Dockers in the United States are on strike. That too in 14 major terminals. Not only is it expensive, but it could throw the US presidential campaign into disarray.
Five weeks before the presidential election, a strike by dock workers threatens to massively disrupt US foreign trade. After midnight local time on Tuesday, tens of thousands of workers stopped work at 14 major ports along the US East Coast and Gulf Coast. Strike cost US economy per day: $3.8 billion to $5 billion.
Ships pile up at sea from Maine to Texas in the US, no longer unloaded. Nearly 50 percent of U.S. freight imports pass through ports on strike.
The reason for the strike is that salary negotiations have been going on for months but no result has been reached yet. The International Longshoremen's Association (ILA) union wants a new collective agreement for six years for 25,000 workers in the container and roll-on/roll-off sectors. The bottom line is that around 77 per cent of them are demanding a pay rise.
On Monday, employers offered 50 percent more pay, three times more money for pension funds and better health insurance. Currently, staff wages start at $20 to $39 per hour (gross). The union wants to raise that to $69 an hour by 2030. The ILA points to billions in profits from container shipping and wants a “fair share.”
The strike, the first of its size in nearly 50 years, is causing massive disruption to the US election campaign. Because the US president would have the opportunity to intervene if the strike threatened US national security. In that case, the president can force workers back to work and ban strikes for 80 days.
In 2002, then-President George W. Bush did just that. Eleven days later the Republican Party ended the dock workers' strike by executive order. The U.S. Chamber of Commerce is now demanding that President Joe Biden intervene. But the White House has already said it will not interfere.

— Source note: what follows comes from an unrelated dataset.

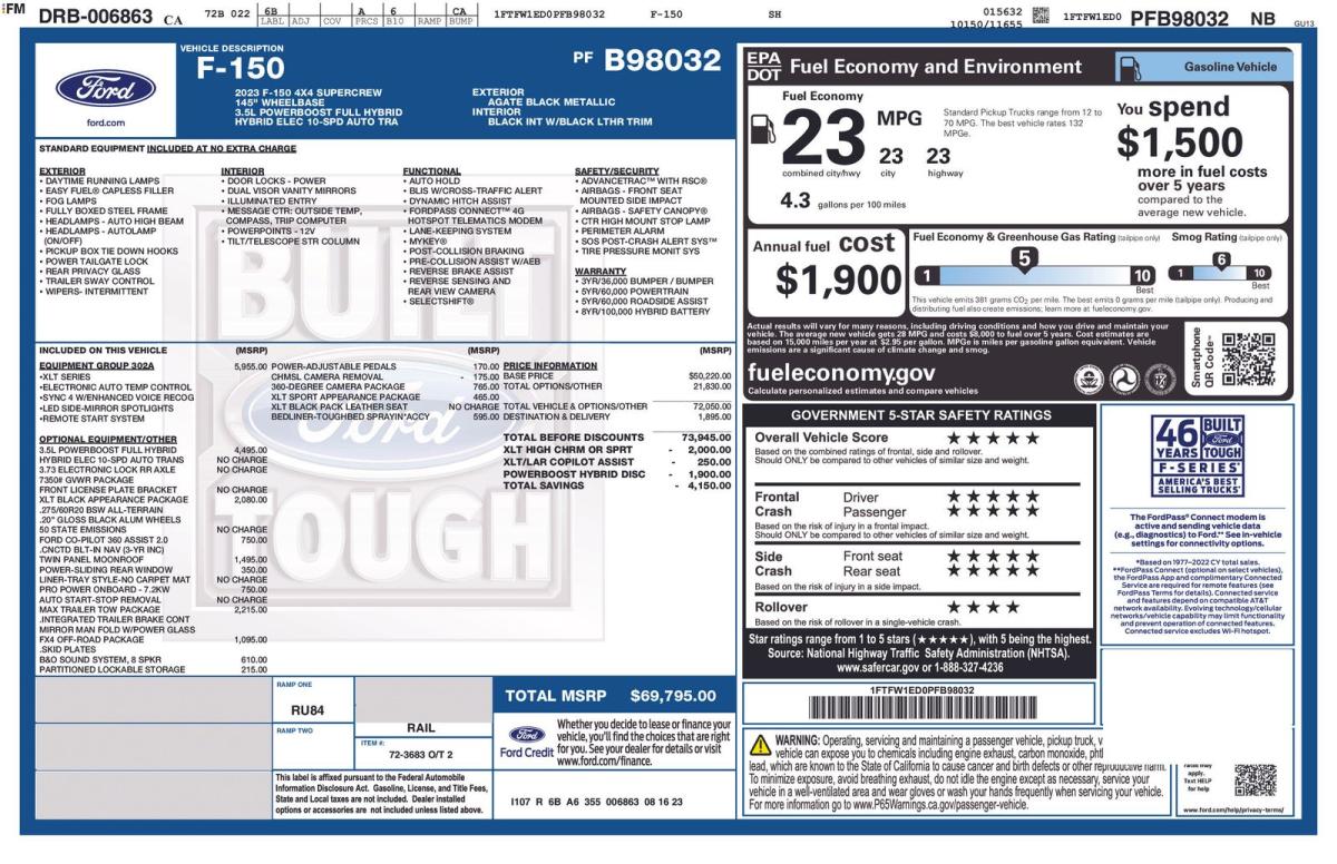 Discover the ultimate combination of power, capability, and technology in this exceptional 2023 Ford F-150 XLT. With its impressive 3.5L PowerBoost Full-Hybrid V6 engine, 10-speed automatic transmission, and 4-wheel drive, this truck is ready to tackle any task with confidence. - XLT BLACK APPEARANCE PACKAGE- EQUIPMENT GROUP 302A HIGH- POWER-SLIDING REAR WINDOW- FORD CO-PILOT360 ASSIST 2.0- TWIN PANEL MOONROOF- PRO POWER ONBOARD - 7.2KW- TRAY STYLE FLOOR LINER (47W)- MAX TRAILER TOW PACKAGE- FX4 OFF-ROAD PACKAGE- RADIO: B&O SOUND SYSTEM BY BANG & OLUFSEN- PARTITIONED LOCKABLE FOLD-FLAT STORAGE- POWER-ADJUSTABLE PEDALS- 360 DEGREE CAMERA- XLT SPORT APPEARANCE PACKAGE- TOUGH BED SPRAY-IN BEDLINERThis F-150 XLT is equipped with a host of premium features that elevate the driving experience. The Ford Co-Pilot360 Assist 2.0 system provides advanced safety and driver-assist technologies, including Intelligent Adaptive Cruise Control, Lane Centering, and Intersection Assist. The twin-panel moonroof and Pro Power Onboard 7.2kW system add versatility and convenience, while the FX4 Off-Road Package ensures you're ready to tackle any terrain.The XLT Sport Appearance Package enhances the exterior with stylish touches like body-color bumpers, a black grille, and unique interior finishes. The Tough Bed spray-in bedliner and Class IV trailer hitch receiver with integrated brake controller make this truck a true workhorse, ready to handle your toughest jobs.Step inside and you'll be greeted by the SYNC 4 infotainment system, which offers seamless smartphone integration, voice-activated controls, and a high-resolution 12-inch touchscreen. The 10-way power-adjustable front seats and dual-zone automatic climate control ensure your comfort, while the 8-inch productivity screen in the instrument cluster keeps you informed and in control.Whether you're hauling heavy loads, towing a trailer, or simply enjoying the open road, this 2023 Ford F-150 XLT is the perfect companion. Experience the perfect blend of power, capability, and technology by visiting our showroom today. We're confident you'll be impressed by this exceptional truck and its unparalleled value.

The ILA union endorsed Biden for president in 2020 and nominated the Democratic Party. The union is yet to make an official nomination in the current election campaign.
A strike by dock workers is fueling labor disputes across industries in the United States. A few days ago, the International Association of Mechanics and Astronauts (IAM) broke off negotiations with Boeing. The US auto union United Auto Workers (UAW) has called for a strike by Stellandis workers and accused the French-Italian carmaker of breaching the contract.
At Boeing, about 33,000 workers have been on strike at aircraft manufacturing plants in Seattle since September 13. The reason is that the company's original collective bargaining offer, 25 percent more pay, was spread over several years. The Sangh was enraged by this. He called for a 40 percent pay rise and the restoration of limited pensions that were removed from the agreement ten years ago.
Boeing stepped up and gave workers 30 percent more pay, higher bonus payments, reintroduced annual bonus payments and increased contributions to the pension fund. But the IAM rejects it because no offer has been made in negotiations and Boeing has not responded to key demands.
Stellandis is about promises the carmaker made to employees during wage negotiations last year. Among other things, it involves the construction of a battery factory in the US state of Illinois, which is again being called into question. “We have reviewed the serious violations of our contract and Stellandis' pattern of illegal conduct. The evidence is clear that CEO Carlos Tavares is leading Stellandis on a crash course that will cause great harm to our members,” UAW President Shawn Fine wrote in an open letter. The car manufacturer has denied these allegations.
Recent increases in wage negotiations in the U.S. are bringing a resurgence to unions that have lost power in recent years. Last year, more than 450,000 workers participated in strikes in the United States. Nurses to Hollywood screenwriters walked out. (ed./ag.)